OK, let's take a step back. We have identified at least three degrees
of freedom that have been sources of friction with existing string literals:
- Sometimes we don't want traditional escaping (\n, etc);
- Sometimes we don't want unicode escaping (\unnnn);
- Sometimes we want to represent multiple lines of text as a single
String.
Traditional strings could be described as (false, false, false) on these
axes; the propose raw strings are (true, true, true). As a first
evaluation (if these really are the axes), this is encouraging; if
you're going to pick 2 of 2^N prepackaged options, its often best to
pick the ones with the biggest hamming distance.
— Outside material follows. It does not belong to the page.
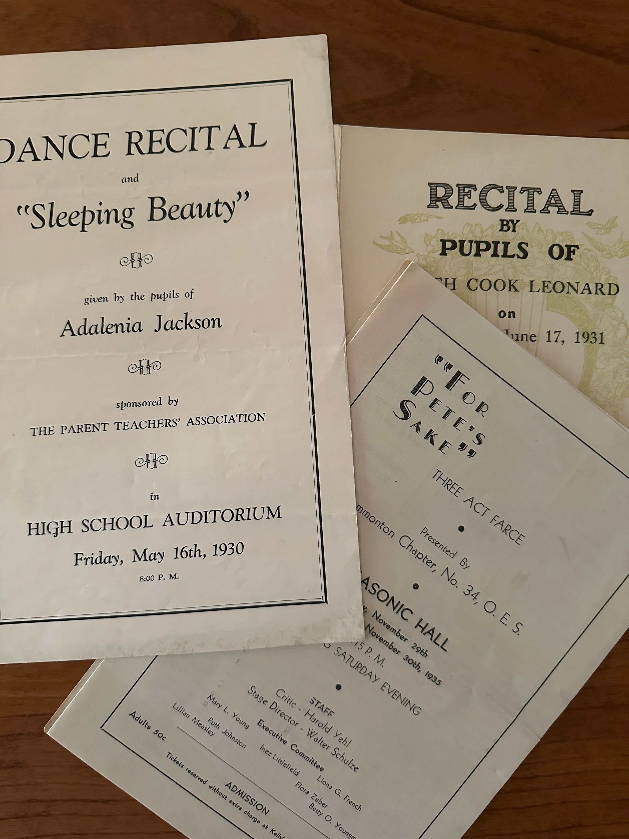 1111.110.5- Collection of Plays and Entertainment performed in Hammonton between 1930- 1939 1111.110.5.1- 1930, Sleeping Beauty, performed by the Students of Adelenia Jackson, booklet, Hammonton High School Auditorium, Parent Teachers' Association 1111.110.5.2- 1931, Dance Recital and Ali Baba An The Thieves, performed by the pupils of Adalenia Jackson, flyer, Hammonton High School Auditorium 1111.110.5.3- 1931, Recital by Pupils of Edith Clark Leonard, performed by the Pupils of Edith Clark Leonard, booklet, Theo Pressor Co 1111.110.5.4- 1932, A Night In New York, performed by the pupils of Adalenia Jackson, Hammonton High School Auditorium 1111.110.5.5- 1932, Sacrificial Gardens, performed by the Delphian Society, handmade booklet 1111.110.5.6- 1933, Aren't We All!, flyer, Hammonton High School Auditorium, presented by The American Legion Post 186, Veterans of Foreign Wars, Post 1026 1111.110.5.7- 1933, Musicale, flyer, Hammonton High School Auditorium, Hammonton High School Alumni Association 1111.110.5.8- 1933, Dancing Day Dreams, performed by the Adalenia Jackson pupils, booklet, High School Auditorium, Hammonton Branch of the Atlantic County Library 1111.110.5.9- 1933, Rainbow of the Rio Grande, performed by the Frederick B. Ingram Production, booklet, Hammonton High School Auditorium 1111.110.5.10- 1934, Musicale and Reception to Benefit Hammonton Junior Red Cross, flyer, Hammonton High School Alumni Association 1111.110.5.11- 1935, For Pete's Sake-Three Act Farce booklet, Masonic Hall, Masonic Hall Hammonton Chapter No 34 1111.110.6.12- 1936, Stardust & Stars, performed by the Adalenia Jackson Dancers, booklet, Hammonton High School Auditorium, presented by the Adalenia Jackson Dancers 1111.110.5.13- 1938, Carry On', performed by the I.L.G.W.U. Social Club Hammonton, booklet, Hammonton High School Auditorium, I.L.G.W.U. Social Club Hammonton
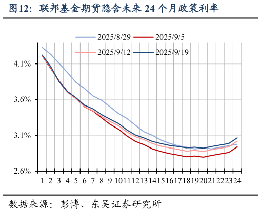 > 数据图表如何了解联邦基金期货隐含未来 24 个月政策利率2025-9-0 海外政治:两党临时支出法案均未通过,联邦政府 10 月停摆风险升温。美东时间 9 月 19 日,共和党与民主党提出的临时支出议案在参议院投票中均未达到 60 票门槛,两党的拨款方案均宣告失败。双方在预算支出上的“僵局”源于在医保政策上的核心分歧:共和党主张通过约 1.5万亿美元,不含医保补贴的短期拨款,以维持政府运转至 11 月 21 日,并将医保补贴等争议留至 12 月进行协商而民主党则坚持将延长平价医疗法案(ACA)补贴相关条款纳入法案,双方因此争执不下。由于现存的支出法案仅能维持政府运转到 9 月底,因此若未来两党不能尽快就支出内容达成一致,则联邦政府 10 月 1 日停摆的风险将大幅升温,届时政治环境不确定性的风险或再度加剧市场波动。 风险提示:特朗普政策超预期美联储降息幅度过大引发通胀反弹甚至失控美联储维持高利率水平时间过长,引发金融系统流动性危机。东吴证券综合其他

I have a hard time imagining that people really need, for example,
traditional escaping but not unicode escaping, with any frequency. So
offering all 2^n combinations is not likely to carry its weight.
I think what you are suggesting is that its fine to lump the first two,
but it might have been a premature move to lump them with the third. (A
second question is: are these the only axes we should be concerned with
right now.) So, let's examine that.
We explored allowing double-quoted strings to span lines too; this gives
you a different stacking: { escaping multi-line, raw multi-line }. But
I think the part that's still unexplored is: do we need to explicitly
surface how source lines are combined into strings?
The assumption we've been working off of is: \n has won (this wasn't
true when Java got started.) Is this wishful thinking? And if not, can
the library approach serve this purpose here too:
`a long
string`.toPlatformLineEnding()
(which, as has been observed, can be optimized either by compile-time
evaluation or by link-time evaluation using LDC and ConstantDynamic, so
I think we can ignore the "but then I'm doing work at runtime" aspect of
this.)
On 2/5/2018 1:39 PM, Guy Steele wrote:
On Feb 5, 2018, at 1:39 PM, Brian Goetz <[email protected]> wrote:
However, I also note that the broad problem may two or three distinct symptoms,
and:
(1) A solution that addresses one symptom may not address the others, and
(2) On the other hand, it may (or may not) be perfectly reason to address the
most painful symptoms in different ways, rather than insisting that a single
solution cover them all.
Indeed so. This is one reason why we resisted the call to do string interpolation (which
many developers conflate with multi-line strings, as many languages with one also have
the other) at the same time. Another way to ask this question is: are we yet
sufficiently minimal? We boiled it down quite a lot already, but are we at
"minimal" yet? Or, did we take a wrong turn in boiling it down, and find
ourselves only a local minimum?
In particular, I happen to think that the problem of distinguishing snippet
indentation from encoding-program indentation may require a rather different
kind of solution from the problem of escape characters in embedded snippets.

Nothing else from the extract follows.